Within the DoD, program responsibilities are split between the Major Command (e.g. AFSPC) and the System Program Office (e.g. ESC) for development of the operational and system requirements, respectively. This separation of concerns often leads to the "throw the requirements over the fence" syndrome. The approach requires the collaboration of the operational and systems architects to be effective. With this collaboration, the approach balances both operational and system concerns in a manner that leads to effective system implementation. Without this collaboration, the warfighter's perspective could well impose requirements on the system that are unrealistic, or not understood, or both.
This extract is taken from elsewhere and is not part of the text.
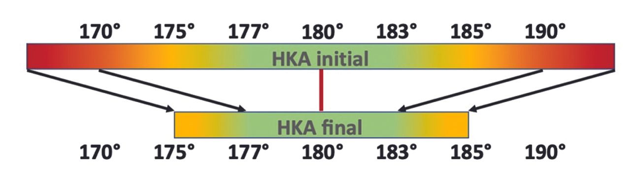 We predict that with this technique, deformities of less than 10° will be realigned at 0–3°, and those over 10° will be realigned at 0–5°. Preoperative varus should result in a postoperative HKA < 180°. Preoperative valgus should result in a postoperative HKA > 180° (Fig. 2).

Implementation of this collaborative approach by the operational and systems architects should not have a negative impact on combined budget and schedule. While the activities of the approach are different from what the teams are currently performing, these activities would replace some of the current activities rather than add an additional burden. Moreover, the approach provides a higher focus on architecture interfaces making it easier to identify modular test points and operator responsibilities in the context of the system usage. This can be useful for earlier training development. In the long term, the collaborative nature of this approach results in less rework and higher quality software due to a clearer understanding of the specified requirements and desired capabilities.

The genesis of our approach traces to a report submitted by IBM Rational Software consultants to Air Force Space Command documenting the results of several workshops they facilitated in late 2004. At the workshops, IBM, Serco, and the MITRE Corporation collaborated on OO/UML techniques for bridging together DoDAF Operational and Systems Views. The IBM Rational consultants who authored the report were James Densmore and David Brown. Building on the concepts captured in this report, Rob Byrd, John Manzi, Tom Porter and Ed Seward of Serco, and Tom Folk and Eric Todd of The MITRE Corporation, expanded the discussion to provide a more comprehensive explanation of the AFSPC architecture development approach.